Original Articles

A preliminary investigation of the feeding ecology of skates (Batoidea: Rajidae) off the west coast of southern Africa

Published in: South African Journal of Marine Science
Volume 10, issue 1, 1991 , pages: 71–81
DOI: 10.2989/02577619109504621


The diets of 14 species of skates (Rajiformes: Rajidae) collected along the coast of South-Western Africa between Walvis Bay and Cape Agulhas over a depth range of 50–1 016 m were analysed. Two distinct communities of skates could be recognized on the basis of depth zonation, the boundary between these communities being at approximately 380 m water depth.
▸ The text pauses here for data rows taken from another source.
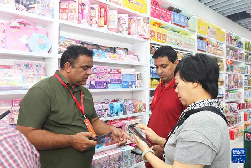10月14日,巴基斯坦客商在义乌全球数贸中心采购玩具。新华社发(龚献明摄)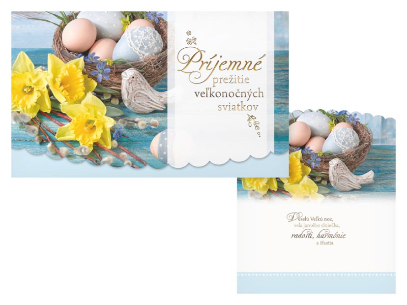 Veľkonočné blahoželanie s textom vo vnútri. Potešte svojich blízkych vkusným prianiam a poprajte im krásne sviatky jari. Text na prednej strane pohľadnice: Príjemné prežitie veľkonočných sviatkov Text vo vnútri: Veselú Veľkú noc, veľa jarného slniečka, radosti, harmónie a šťastia Papier: pohľadnicový kartón 240 g Pohľadnica je balená vo vrecúšku, súčasťou je i listová obálka. Uvedená cena je za 1 ks.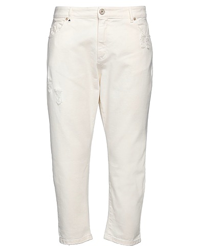 straight-leg jeans, denim, distressed, solid color, brand logo, colored wash, high waisted, belt loops, regular fit, 1 button, zipper fastening, cropped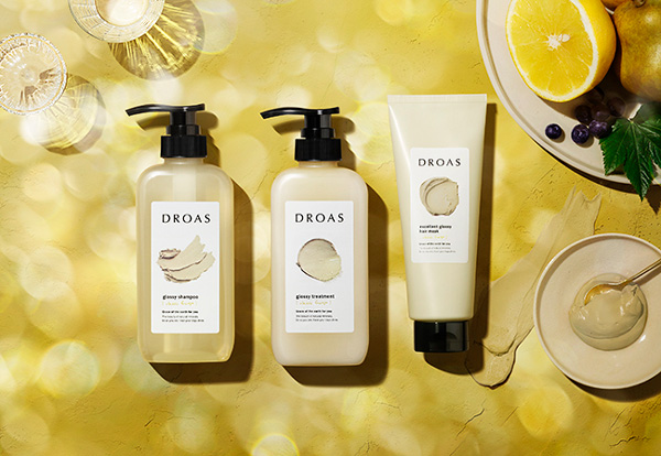 「DROAS グロッシーシャンプー」と「DROAS グロッシートリートメント」(ボトル 各 税込990円/詰替え 各 税込770円)はマストチェック!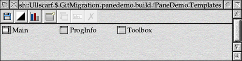 The first thing that we will need to do is design the pane itself. As far as the Wimp is concerned, panes are just normal windows, so we’ll go back to our template editor of choice (again, I’m using WinEd here, but other editors would also be fine) and add a new window called “Toolbox”. We can see that window in the browser in Figure 2.2, although the screenshot shows it after editing is complete – WinEd (and probably most other template editors) will give it a full set of scroll bars in the template browser by default.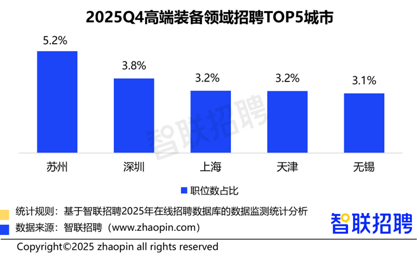 高端装备领域的人才需求主要在长三角和珠三角集聚。其中,苏州(5.2%)位列全国第一,深圳(3.8%)、上海(3.2%)、天津(3.2%)、无锡(3.1%)紧随其后。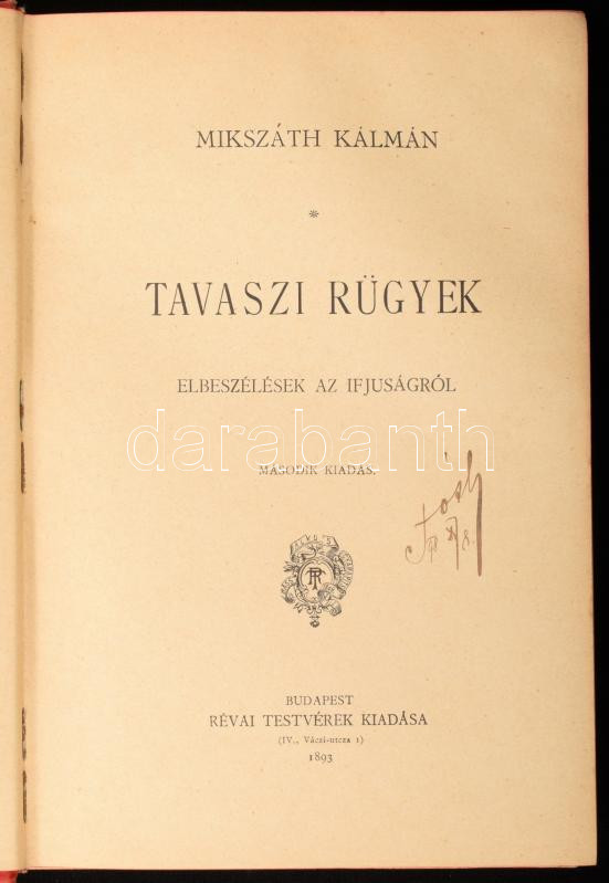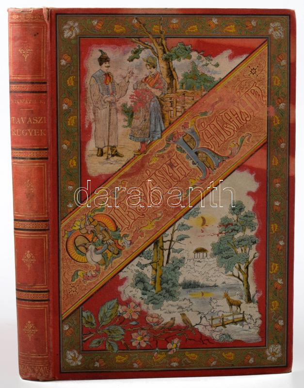 Mikszáth Kálmán: Tavaszi rügyek. Elbeszélések az ifjúságról. Mikszáth Kálmán Munkái 5. köt. Bp., 1893, Révai, 4 sztl. lev.+ 218+(2) p. Második kiadás. Kiadói dekoratív, aranyozott, illusztrált egészvászon sorozatkötés, Gottermayer-kötés, festett lapélekkel, kopott, foltos borítóval, az utolsó két lap kijár, foltos lapokkal.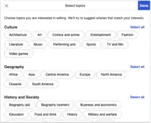 - In watching user behavior after the deployment of topic matching on 2020-01-21, we see that about 75% of users who have the option to choose topics actually choose some. Though we'll need to take more time to see how topics have impacted the rate that users do suggested edits, this initial number is a good sign that users are interested in using topics.

These two skate communities have similar species components: the so-called biscuit skate community (the shallow one) has two crustacean specialists (Cruriraja parcomaculata, Raja wallacei), one fish specialist (R. alba) and two generalists (R. pullopunctata, R. cf. clavata); the so-named grey skate community has two crustacean specialists (Raja caudaspinosa, R. confundens) and two generalists (Bathyraja smithii, R. leopardus). The grey skate community appears to be a more complex and dynamic assemblage with higher diversity (at least 13 species) than the biscuit skate community (five species). In both communities the most common prey items were crustaceans and small demersal fish. Cephalopods and polychaetes were uncommon prey in most species. Other potential prey items commonly trawled but absent from the skates' diet included bivalve molluscs, gastropods and echinoderms. Although their importance has hitherto not been recognized, skates are important predators on the demersal crustacean and fish fauna in the Benguela ecosystem.